(DATA RECORDS)

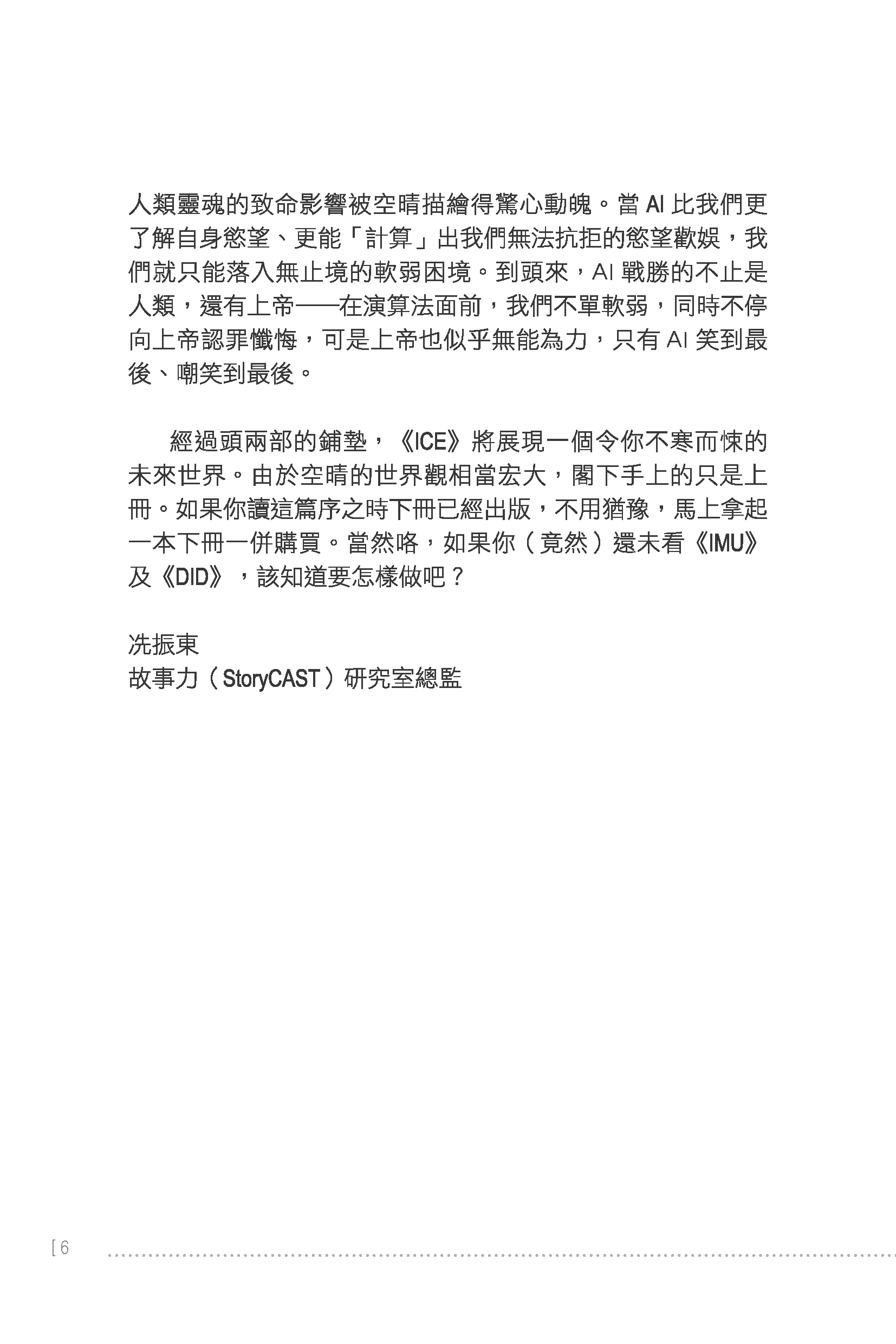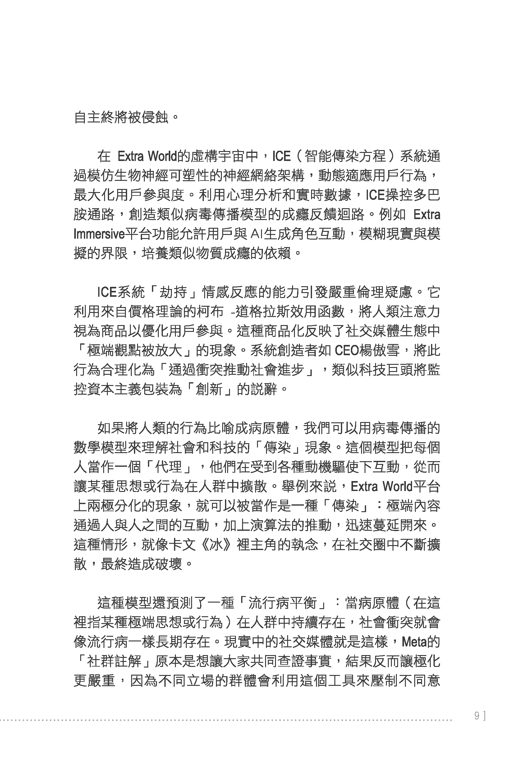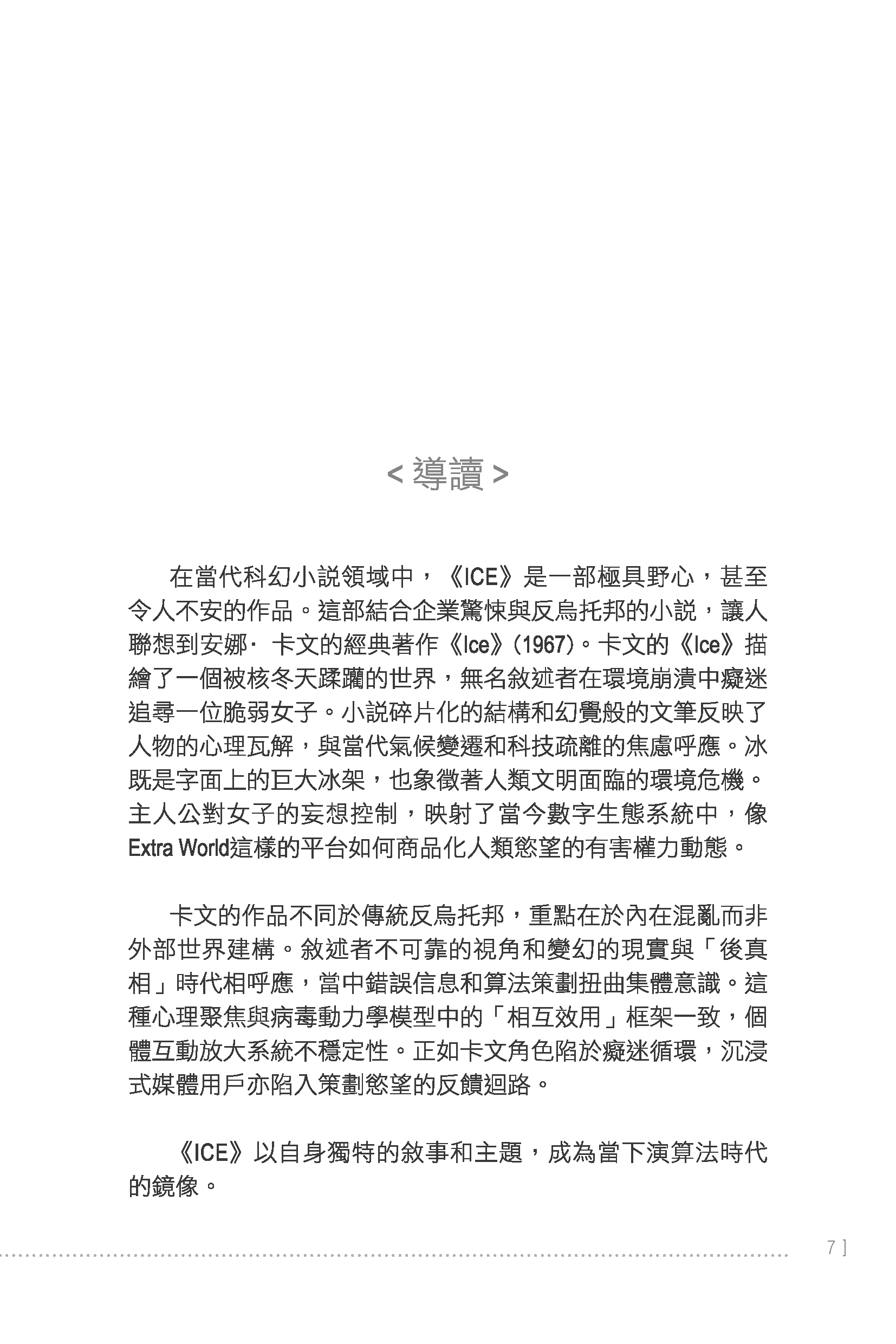 這不只是一本小說,這是一場懸念四伏的視覺與心理衝擊實驗。由《IMU》揭開慾望與AI的序幕,《DID》描寫多重人格與虛擬操控的交鋒,《ICE》則是最終爆發的冰雪戰場——當人工智能不再只觀察人類慾望,而是開始操控、誘導、製造「情緒市場」,你是否還能相信自己的快樂,來自你自己?
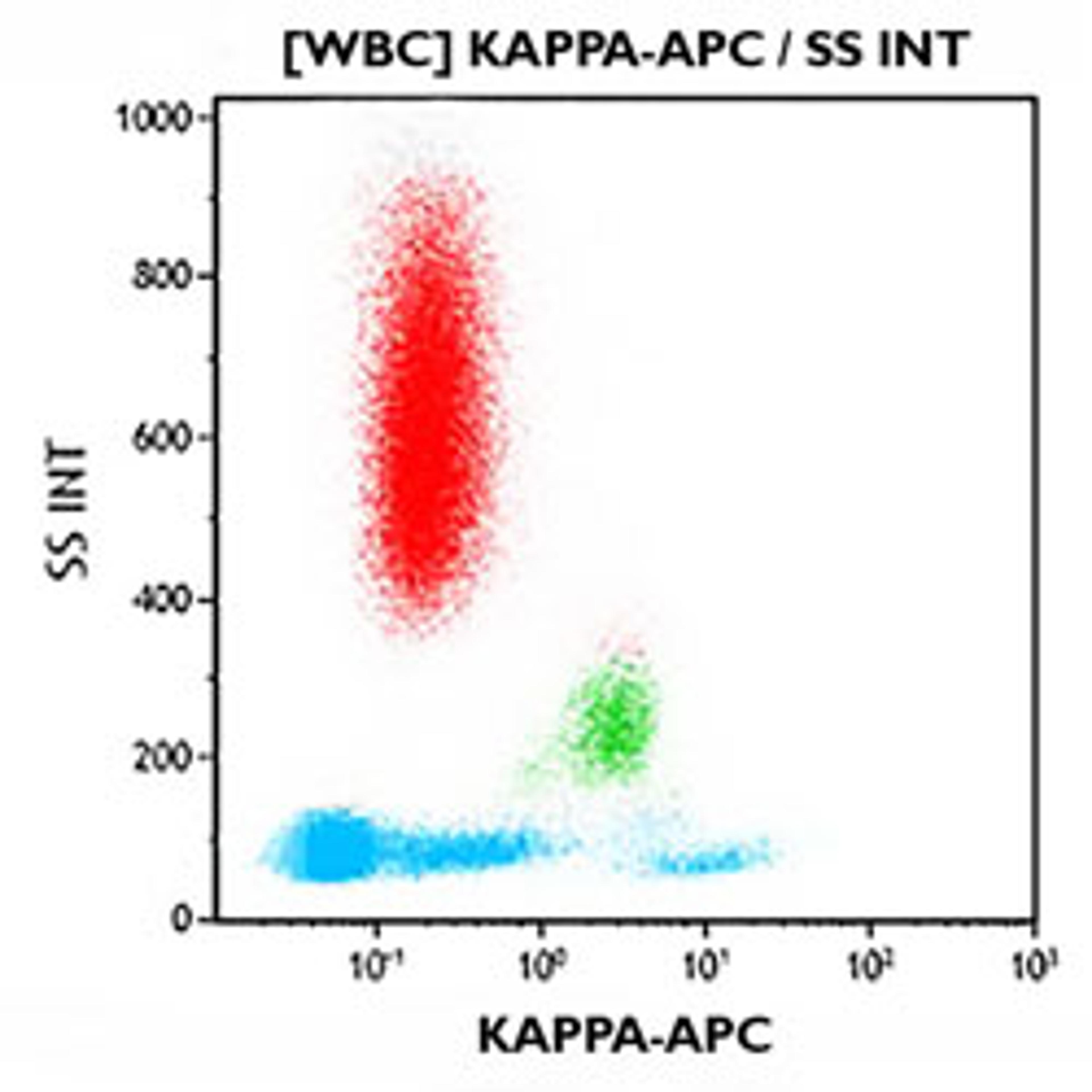 Kappa (κ) chain is a 25Kd polypeptide that results from papain cleavage of the IgG molecule, encoded by the human immunoglobulin kappa locus (IGK) on chromosome 2. The subunit structure of IgG comprises 2 light chains and 2 heavy chains. Each light chain is composed of two tandem immunoglobulin domains: a) one variable domain (VL) and b) one constant (CL) domain. While the VL show considerable sequence diversity the CL shows internal homology with repeating units. Anti-Kappa antibodies recognize the Kappa light chain of immunoglobulins expressed at the surface of a cellular subpopulation corresponding to approximately 2/3 of mature B lymphocytes in peripheral blood. This light chain is also found on the surface of a sub-population of immature bone marrow B lymphocytes.
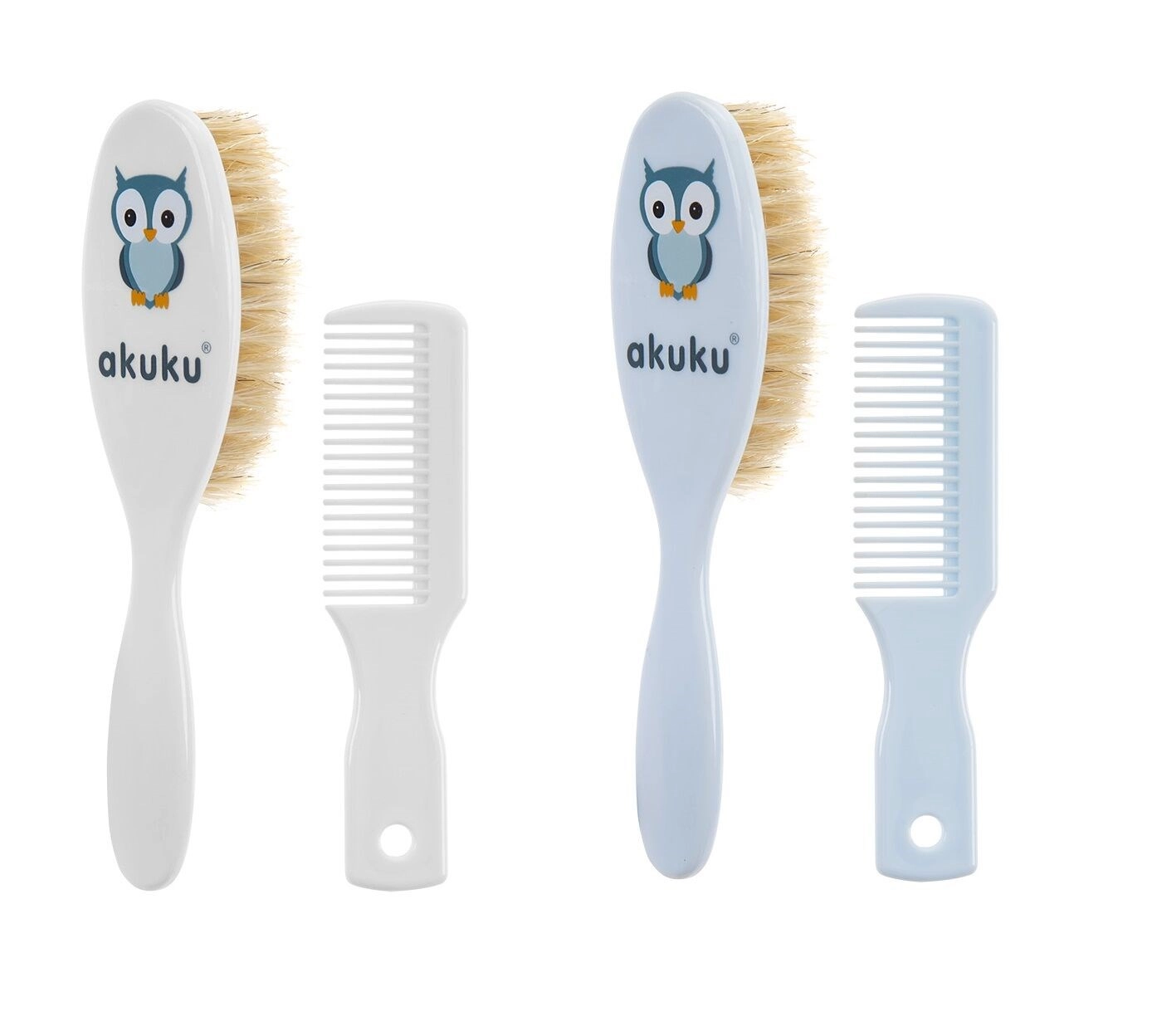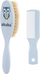 Set krtačke in glavnika AKUKU je zasnovan za najnežnejšo nego otroških las. Naravne ščetine krtačke so mehke, prijazne do kože in pomagajo zmanjševati statično elektriko. Glavnik z nežnimi zobmi dopolnjuje vsakodnevno urejanje pričeske.
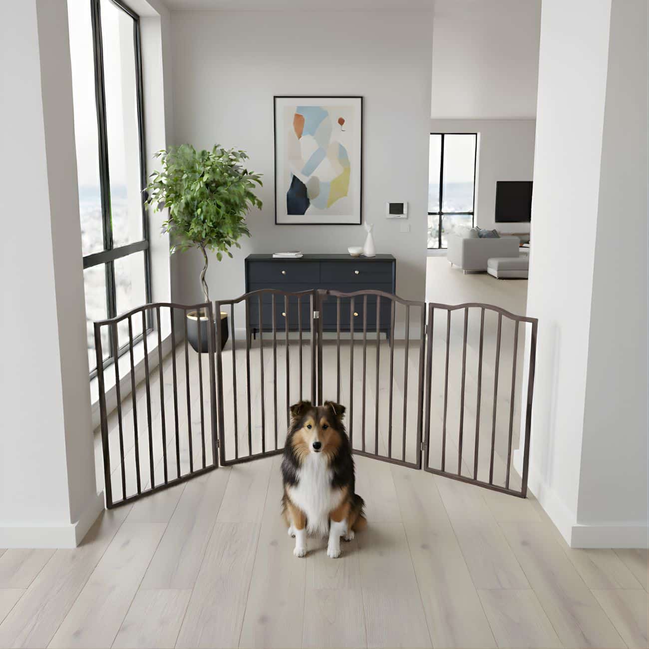 • This 4-panel pet gate is freestanding and does not require drilling or installation.
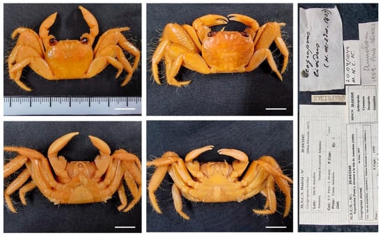 - Rathbun, M.J. The brachyuran crabs collected by the American Museum Congo Expedition, 1909–1915. In Scientific Results of The American Museum Congo Expedition. General Invertebrate Zoology; American Museum of Natural History: New York, NY, USA, 1921. [Google Scholar]
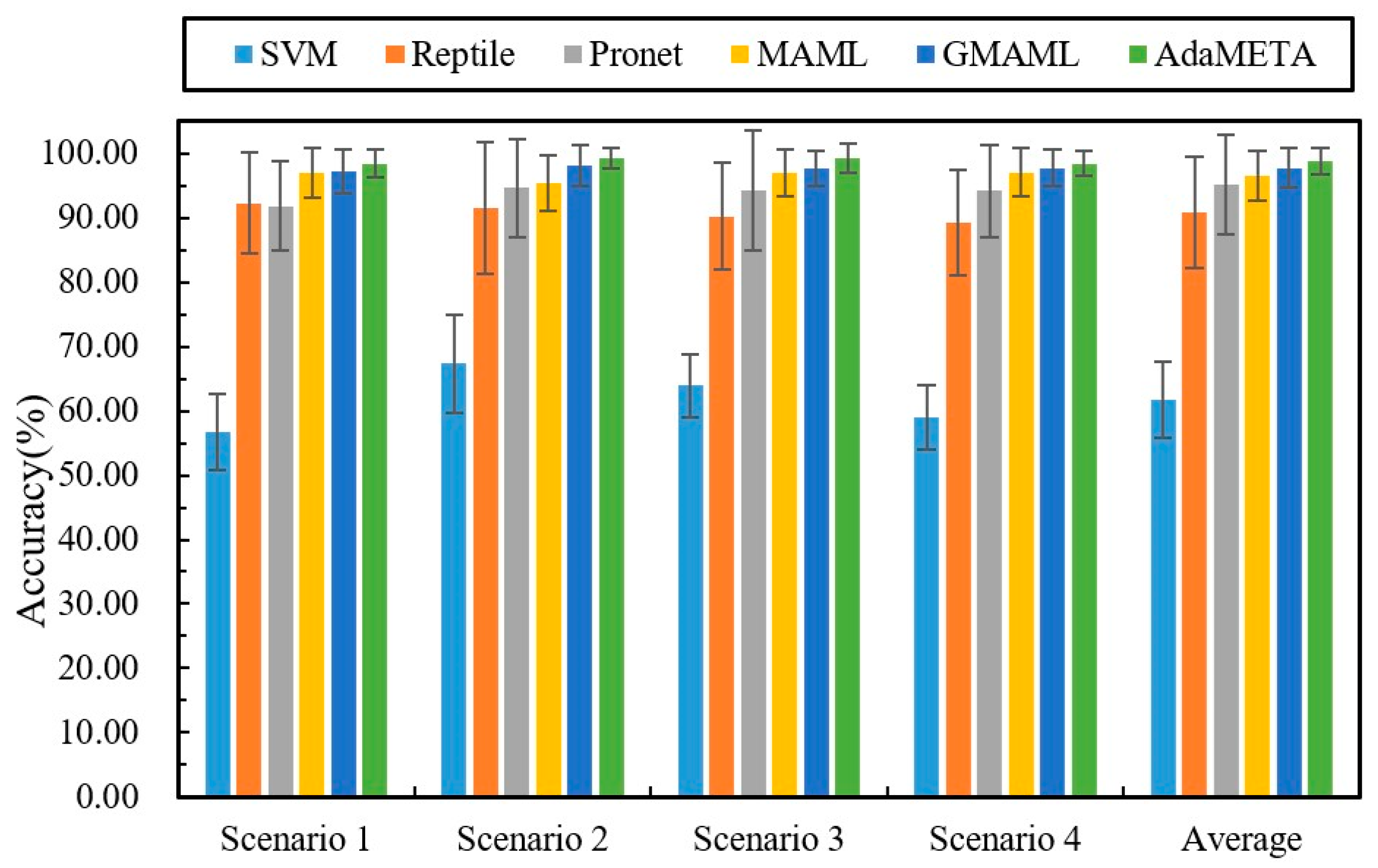 The comparative results demonstrate that, in the few-shot cross-domain fault diagnosis knowledge transfer setting, meta-learning frameworks significantly outperform traditional machine learning and conventional deep learning methods. Using Support Vector Machine (SVM) as a benchmark, the average diagnostic accuracy across the four load scenarios is only 61.75%, with the best performance in Scenario 2 at 67.35%. In contrast, under the same conditions, the four meta-learning models—Reptile, ProNet, MAML, and GMAML—achieved average accuracies of 90.8%, 95.2%, 96.56%, and 97.68%, respectively. This performance gap arises because meta-learning algorithms emphasize cross-task transfer and rapid adaptation during training, rather than overfitting to individual samples, enabling efficient and robust fault identification even in cases where target-domain samples are scarce.

(End DATA RECORDS)

Each entry should be output word for word, with no pictures carried over.

RESPONSE BOX:
 這不只是一本小說,這是一場懸念四伏的視覺與心理衝擊實驗。由《IMU》揭開慾望與AI的序幕,《DID》描寫多重人格與虛擬操控的交鋒,《ICE》則是最終爆發的冰雪戰場——當人工智能不再只觀察人類慾望,而是開始操控、誘導、製造「情緒市場」,你是否還能相信自己的快樂,來自你自己?
 Kappa (κ) chain is a 25Kd polypeptide that results from papain cleavage of the IgG molecule, encoded by the human immunoglobulin kappa locus (IGK) on chromosome 2. The subunit structure of IgG comprises 2 light chains and 2 heavy chains. Each light chain is composed of two tandem immunoglobulin domains: a) one variable domain (VL) and b) one constant (CL) domain. While the VL show considerable sequence diversity the CL shows internal homology with repeating units. Anti-Kappa antibodies recognize the Kappa light chain of immunoglobulins expressed at the surface of a cellular subpopulation corresponding to approximately 2/3 of mature B lymphocytes in peripheral blood. This light chain is also found on the surface of a sub-population of immature bone marrow B lymphocytes.
 Set krtačke in glavnika AKUKU je zasnovan za najnežnejšo nego otroških las. Naravne ščetine krtačke so mehke, prijazne do kože in pomagajo zmanjševati statično elektriko. Glavnik z nežnimi zobmi dopolnjuje vsakodnevno urejanje pričeske.
 • This 4-panel pet gate is freestanding and does not require drilling or installation.
 - Rathbun, M.J. The brachyuran crabs collected by the American Museum Congo Expedition, 1909–1915. In Scientific Results of The American Museum Congo Expedition. General Invertebrate Zoology; American Museum of Natural History: New York, NY, USA, 1921. [Google Scholar]
 The comparative results demonstrate that, in the few-shot cross-domain fault diagnosis knowledge transfer setting, meta-learning frameworks significantly outperform traditional machine learning and conventional deep learning methods. Using Support Vector Machine (SVM) as a benchmark, the average diagnostic accuracy across the four load scenarios is only 61.75%, with the best performance in Scenario 2 at 67.35%. In contrast, under the same conditions, the four meta-learning models—Reptile, ProNet, MAML, and GMAML—achieved average accuracies of 90.8%, 95.2%, 96.56%, and 97.68%, respectively. This performance gap arises because meta-learning algorithms emphasize cross-task transfer and rapid adaptation during training, rather than overfitting to individual samples, enabling efficient and robust fault identification even in cases where target-domain samples are scarce.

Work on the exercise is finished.